My first comment was that the streets were anything but “closed”. Tens of thousands of people arrived to talk, walk, eat, listen to music, shop, and share tables in a place where there would normally be cars trundling along. Calling that a “street closure” reinforces the conceit that our public spaces are best used for moving cars through. I like the idea of calling these events “Street Openings”.

My second comment was that yes, the City can probably hold more of these, every second Saturday from Canada Day to Labour Day might be possible. However, these are not City-run events. These are events put together by teams of volunteers with help from not-for-profits like the Downtown BIA and Pride.

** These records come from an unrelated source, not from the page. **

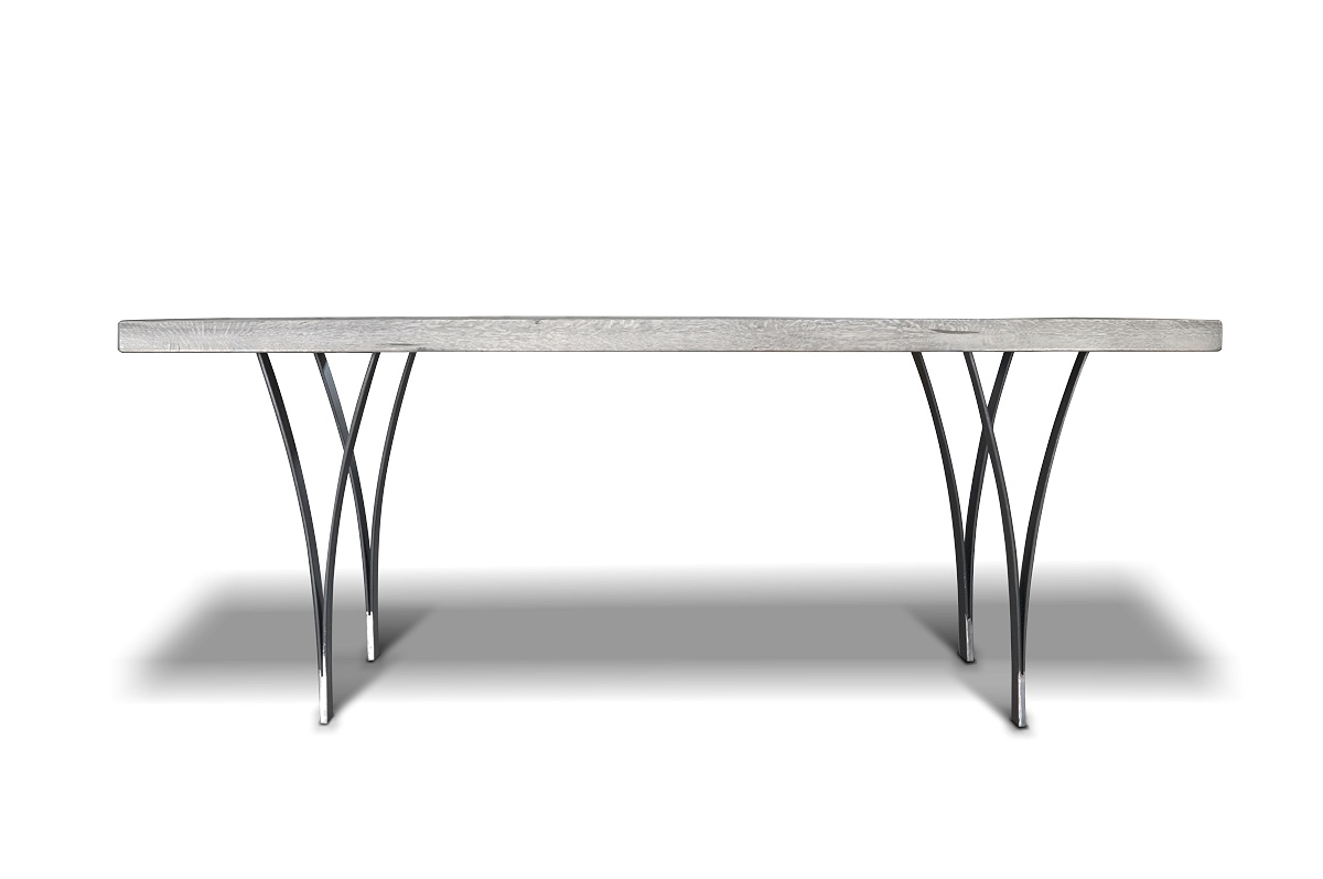 Byron tömör tölgyfa étkezőasztal nemesacél lábazattal.
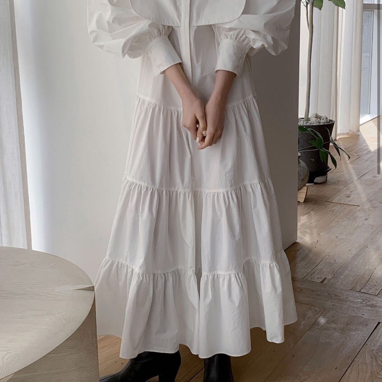 ワンピース レディース ティアード マキシ 長袖 ボリューム袖 セーラーカラー Aライン フェミニン ウエストマーク オーバーサイズ かわいい 大人可愛い きれいめ シンプル 上品 おしゃれ かっこいい ガーリー ルーズ 個性的 モード系 エレガント モダン キュート 都会的 ロマンティック ナチュラル 無地 春 秋 デート お出かけ パーティー イベント 女子会 休日 バカンス ショッピング ライブ カフェ 体型カバー 普段使い 着回し レイヤード トレンド フリーサイズ 白 水色 ブルー パステル
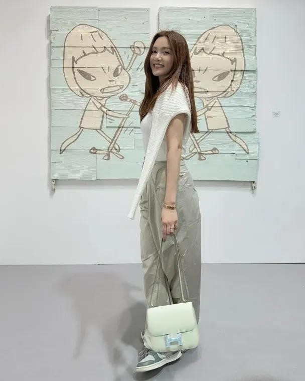 日前靓汤将看展览时的相片发在社交网,不过所有展品都不够她手上的名牌包包抢眼,不少女性网友都对她的手袋十分关注,也有人留言指靓汤的包包至少要12万多,靓汤更以一身粉绿色装束衬晒色,就连走过去合照的展品都同色系的,不得不说靓汤真的很会拍照。
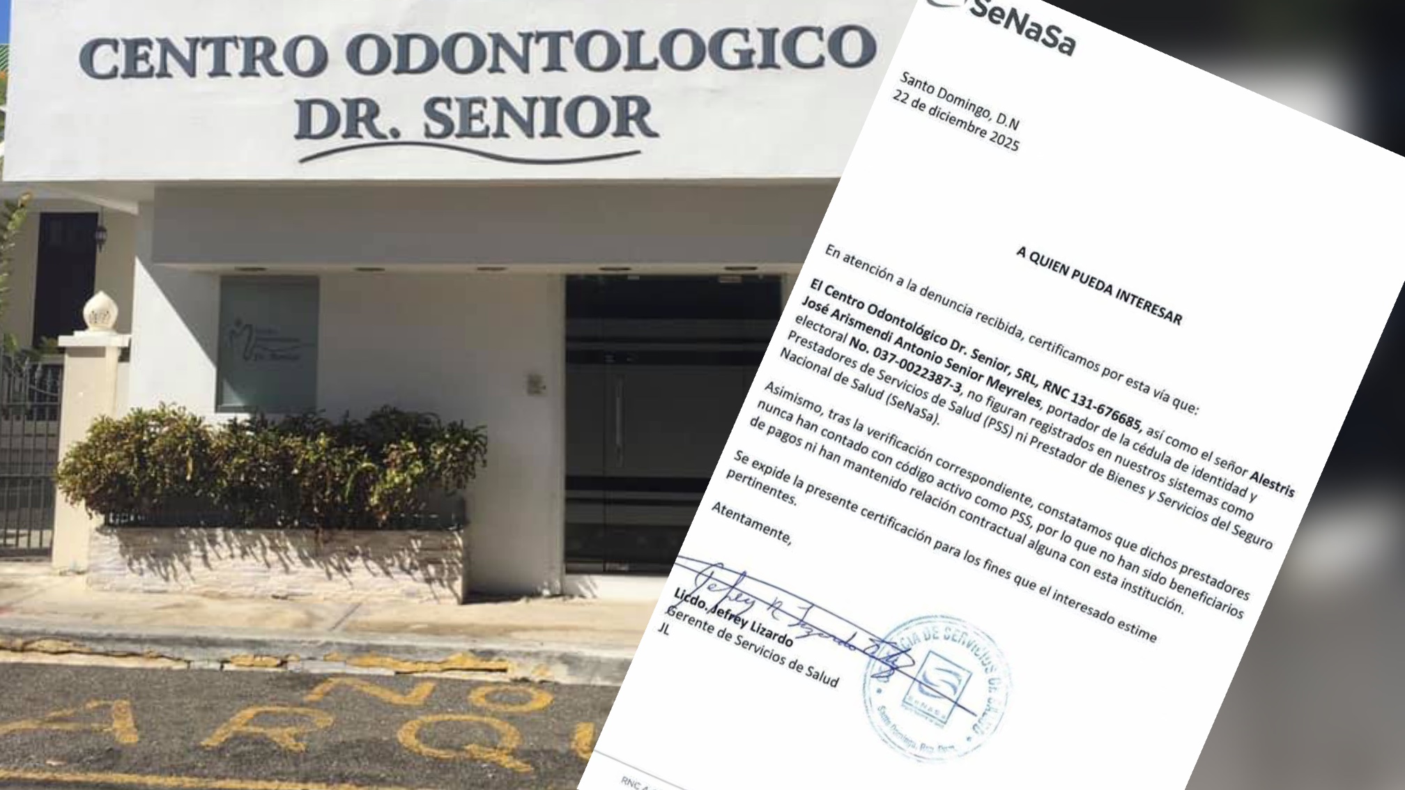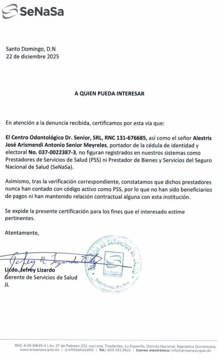PUERTO PLATA.– En medio del debate público generado por el denominado caso SENASA, el Seguro Nacional de Salud (SENASA) emitió una certificación oficial en la que aclara que el Centro Odontológico Doctor Senior, S.R.L., así como su representante, Alestris José Arismendi Antonio Senior Mairellis, no han tenido ningún tipo de relación contractual, comercial ni administrativa con dicha institución.
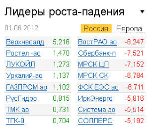 Снижению способствовал обвал акций "Сбербанка". Инвесторы негативно отреагировали на сообщения о том, что банк не планирует проводить обратный выкуп акций и не рассматривает вопрос о конвертации привилегированных акций в обыкновенные. Решение акционеров об утверждении дивидендов по итогам 2011 года в размере 2,08 рубля на одну обыкновенную и 2,59 рубля на одну привилегированную акцию не вернуло покупателей. По итогам сессии "префы" банка снизились на 7,52%, обыкновенные акции - на 3,46%. Аутсайдерами торгов стали акции "РАО ЭС Востока"(- 8,24%), "МРСК Центра и Приволжья" (-7,15%), "ФСК ЕЭС" (-6,71%), "СОЛЛЕРСа" (-5,19%). Лидерами роста стали акции "Ростелекома" (+1,47%), "ЛУКОЙЛа" (+1,27%), "Уралкалия" (+1,14%), "Газпрома" (+1,1%), "РусГидро" (+0,81%).
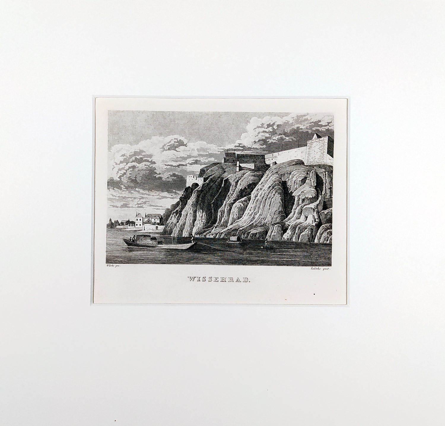 Praha – Vyšehrad, C. Würbs, původní oceloryt, 1836. Podle předlohy C. Würbse vyryl Želísko. Vydáno v Praze roku 1836, Verlag von Gottlieb Haase Söhne.
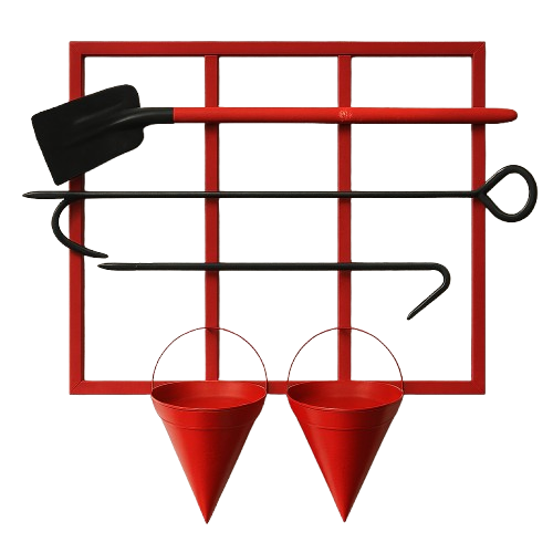 სახანძრო სტენდის კომპლექტში შედის: სახანძრო ფარი, ნიჩაბი, ბაგორი, ძალაყინი და ორი კონუსური სათლი.
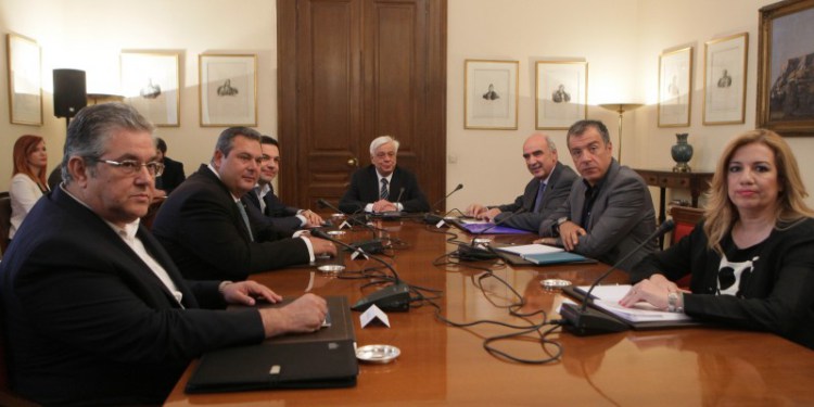 Ο Πρωθυπουργός, Αλέξης Τσίπρας, ο κυβερνητικός εταίρος, Πάνος Καμμένος, ο μεταβατικός Πρόεδρος της Νέας Δημοκρατίας, Βαγγέλης Μείμαράκης, η Πρόεδρος του ΠΑΣΟΚ, Φώφη Γεννηματά, ο αρχηγός του «Ποταμιού», Σταύρος Θεοδωράκης και ο Γραμματέας του ΚΚΕ, Δημήτρης Κουτσούμπας, μετά από συνεδρίαση στο Προεδρικό Μέγαρο υπό του Προέδρου της Δημοκρατίας Προκόπη Παυλόπουλου, που διήρκεσε έξι ώρες κατέληξαν σε μια κοινή γραμμή ενόψει της έναρξης των νέων διαπραγματεύσεων με τους δανειστές.
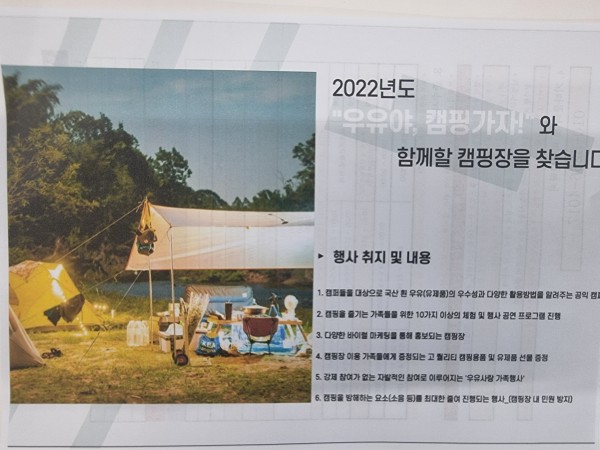 우유자조금관리위원회 주관으로 "우유야 캠핑가자" 주제로 알멕스랜드 캠핑장에서
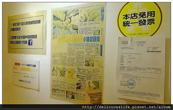牆壁上貼有報紙對店家的商品介紹~包括澱粉來源以及SGS檢驗證明!
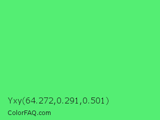 Yxy 64.272,0.291,0.501 Color is a light green color and the nearest color is Very Light Malachite Green #64e986. Hex code #54ee73 and RGB value is rgb(84,238,115). In RGB color space, this color is composed of 33% red, 93% green, 45% blue, In CMYK color space, this color is composed of 65% cyan, 0% magenta, 52% yellow , 7% black , In HSL color space, this color has a hue angle of 132° , 82% saturation and 63% lightness.
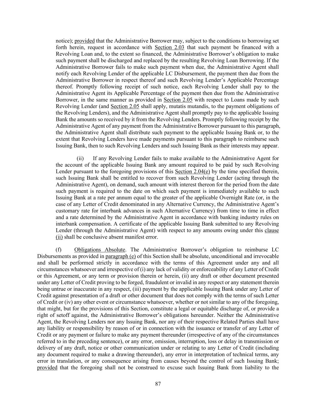87 notice); provided that the Administrative Borrower may, subject to the conditions to borrowing set forth herein, request in accordance with Section 2.03 that such payment be financed with a Revolving Loan and, to the extent so financed, the Administrative Borrower’s obligation to make such payment shall be discharged and replaced by the resulting Revolving Loan Borrowing. If the Administrative Borrower fails to make such payment when due, the Administrative Agent shall notify each Revolving Lender of the applicable LC Disbursement, the payment then due from the Administrative Borrower in respect thereof and such Revolving Lender’s Applicable Percentage thereof. Promptly following receipt of such notice, each Revolving Lender shall pay to the Administrative Agent its Applicable Percentage of the payment then due from the Administrative Borrower, in the same manner as provided in Section 2.05 with respect to Loans made by such Revolving Lender (and Section 2.05 shall apply, mutatis mutandis, to the payment obligations of the Revolving Lenders), and the Administrative Agent shall promptly pay to the applicable Issuing Bank the amounts so received by it from the Revolving Lenders. Promptly following receipt by the Administrative Agent of any payment from the Administrative Borrower pursuant to this paragraph, the Administrative Agent shall distribute such payment to the applicable Issuing Bank or, to the extent that Revolving Lenders have made payments pursuant to this paragraph to reimburse such Issuing Bank, then to such Revolving Lenders and such Issuing Bank as their interests may appear. (ii) If any Revolving Lender fails to make available to the Administrative Agent for the account of the applicable Issuing Bank any amount required to be paid by such Revolving Lender pursuant to the foregoing provisions of this Section 2.04(e) by the time specified therein, such Issuing Bank shall be entitled to recover from such Revolving Lender (acting through the Administrative Agent), on demand, such amount with interest thereon for the period from the date such payment is required to the date on which such payment is immediately available to such Issuing Bank at a rate per annum equal to the greater of the applicable Overnight Rate (or, in the case of any Letter of Credit denominated in any Alternative Currency, the Administrative Agent’s customary rate for interbank advances in such Alternative Currency) from time to time in effect and a rate determined by the Administrative Agent in accordance with banking industry rules on interbank compensation. A certificate of the applicable Issuing Bank submitted to any Revolving Lender (through the Administrative Agent) with respect to any amounts owing under this clause (ii) shall be conclusive absent manifest error. (f) Obligations Absolute. The Administrative Borrower’s obligation to reimburse LC Disbursements as provided in paragraph (e) of this Section shall be absolute, unconditional and irrevocable and shall be performed strictly in accordance with the terms of this Agreement under any and all circumstances whatsoever and irrespective of (i) any lack of validity or enforceability of any Letter of Credit or this Agreement, or any term or provision therein or herein, (ii) any draft or other document presented under any Letter of Credit proving to be forged, fraudulent or invalid in any respect or any statement therein being untrue or inaccurate in any respect, (iii) payment by the applicable Issuing Bank under any Letter of Credit against presentation of a draft or other document that does not comply with the terms of such Letter of Credit or (iv) any other event or circumstance whatsoever, whether or not similar to any of the foregoing, that might, but for the provisions of this Section, constitute a legal or equitable discharge of, or provide a right of setoff against, the Administrative Borrower’s obligations hereunder. Neither the Administrative Agent, the Revolving Lenders nor any Issuing Bank, nor any of their respective Related Parties shall have any liability or responsibility by reason of or in connection with the issuance or transfer of any Letter of Credit or any payment or failure to make any payment thereunder (irrespective of any of the circumstances referred to in the preceding sentence), or any error, omission, interruption, loss or delay in transmission or delivery of any draft, notice or other communication under or relating to any Letter of Credit (including any document required to make a drawing thereunder), any error in interpretation of technical terms, any error in translation, or any consequence arising from causes beyond the control of such Issuing Bank; provided that the foregoing shall not be construed to excuse such Issuing Bank from liability to the
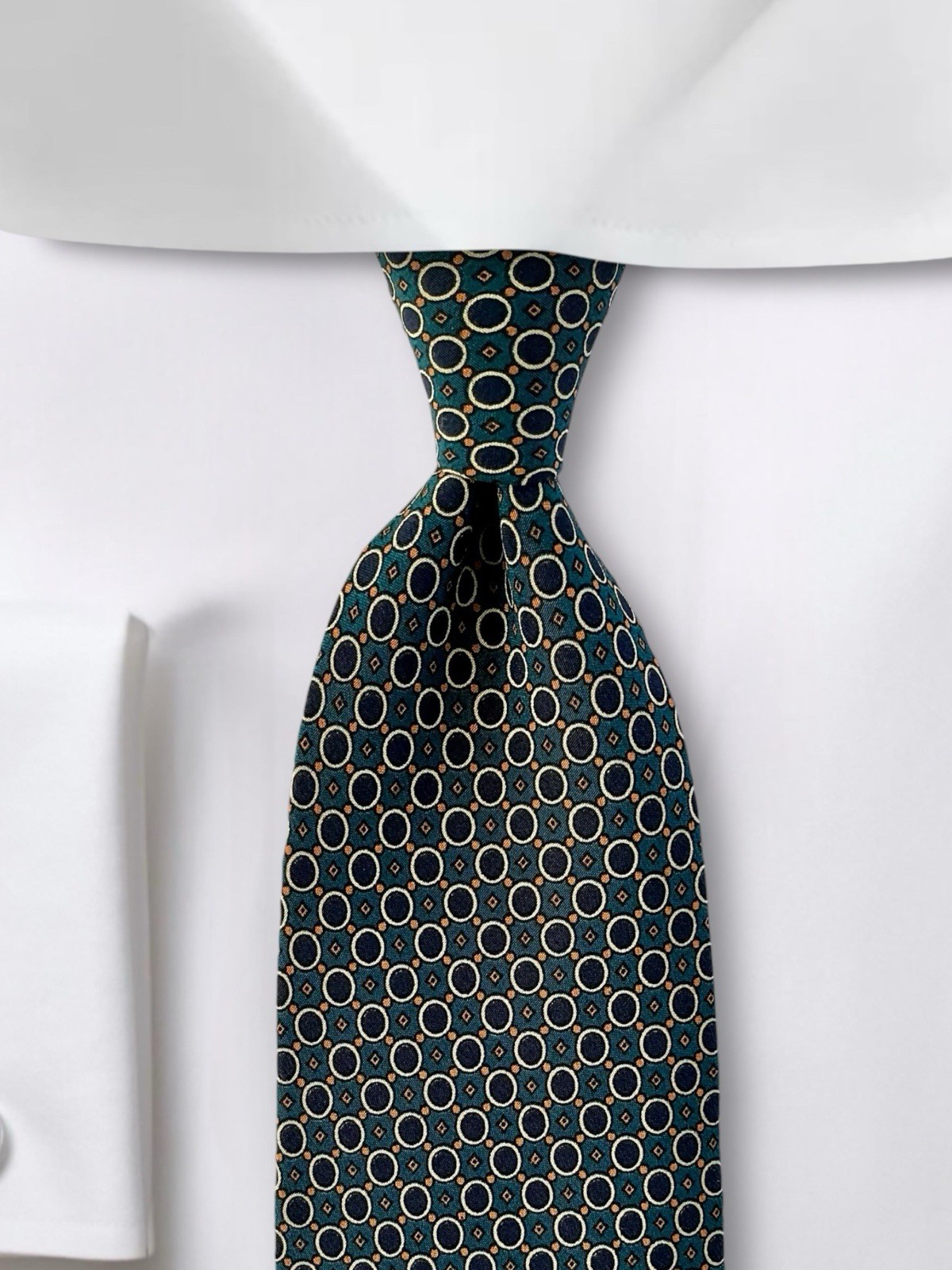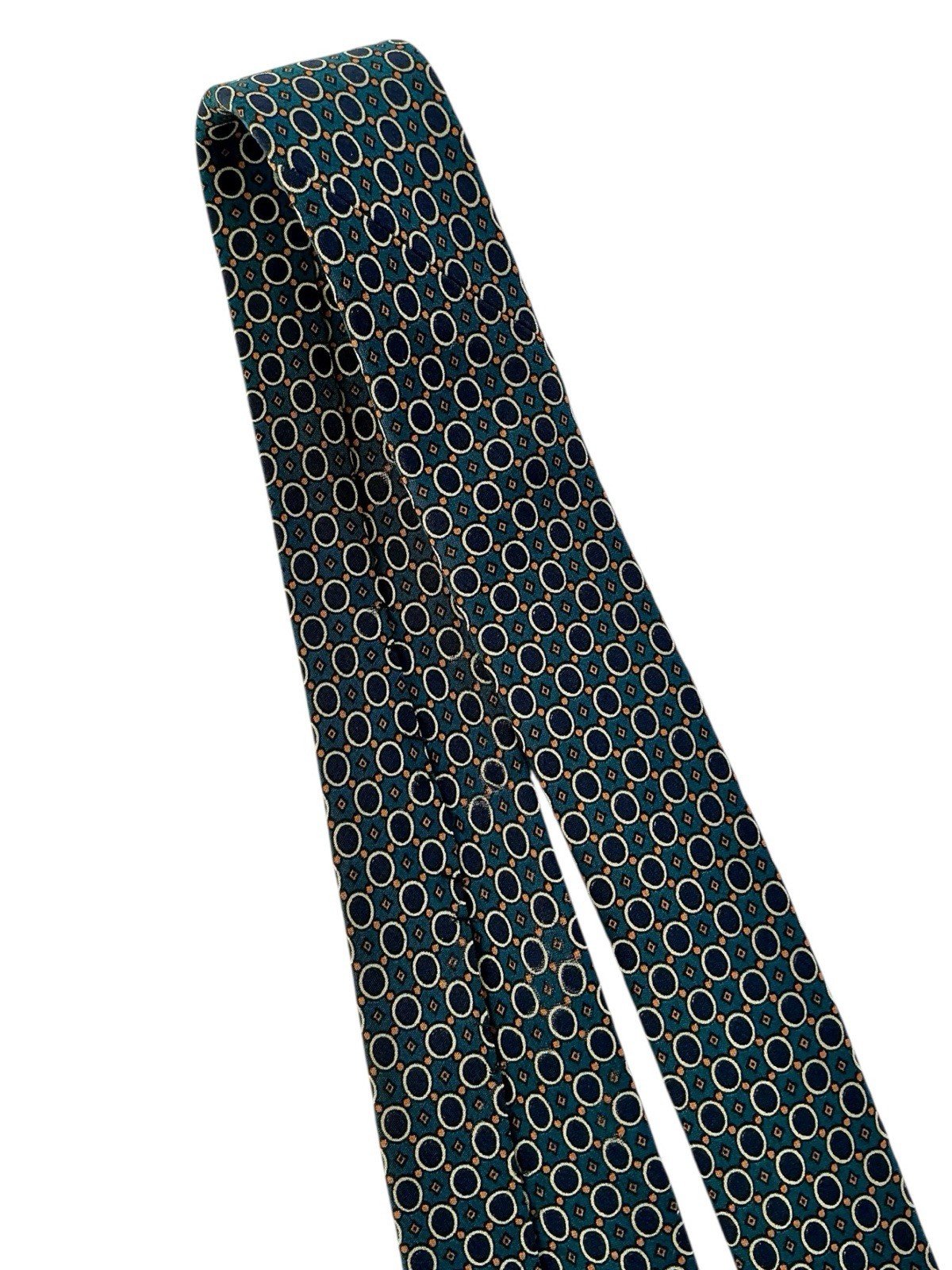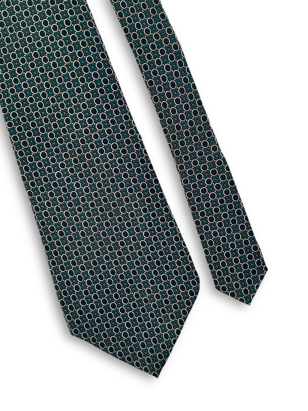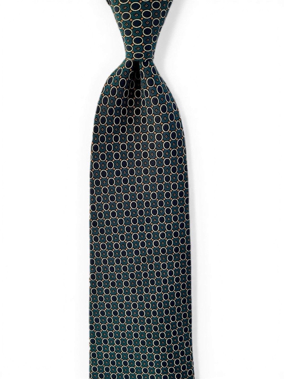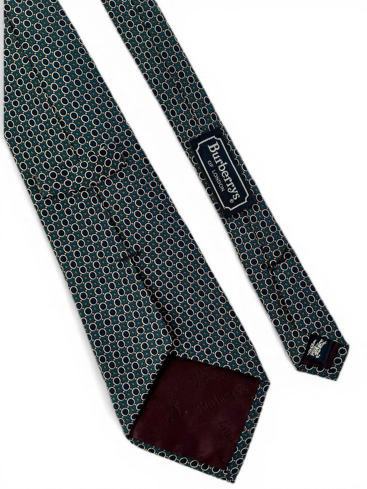Burberrys London Vintage Silk Tie Teal Navy Blue Circles Apricot Micro Diamonds

They don’t just happen, they take planning, execution, a whole lot of energy, and the assistance of sponsors. The City assists with grants, Bylaw exemptions, and donations of services, but they don’t organize the event. If we want more of these, people are going to have to step up and organize them. The good news is that recent success will make it much more likely that the City will say “yes” when another event is proposed and comes with a solid proposal.

Tired volunteer at the end of the Pride Street Opening 

Tired volunteer at the end of the Pride Street Opening. We moved a lot of tables that day.

Other than volunteering at and/or attending Street Openings, I have been knocking on more doors. Someone has to write a book one day: Adventures in Door-knocking. There is such an interesting mix of ideas and opinions you encounter in any 4-block radius. Any notion you may bring about how one specific area votes, or what the consensus opinion is in another are soon dashed when you start chatting with people on the doorstep.

This is why it is such a valuable experience for someone like me, who is running for Council for the first time. As pointed out by a supporter this week on Facebook and discussed on Twitter – neither of these social media replace face-to-face conversations. As a non-incumbent, there are a lot of connections I have yet to make in the community before I have anything resembling “name recognition”. So back to the door-step I go.

The best part? Door-knocking is actually fun. It is full of unexpected moments, it is a constant learning experience, and people are, for the most part, genuinely happy to have a conversation about the neighbourhood.

See you out there on the streets!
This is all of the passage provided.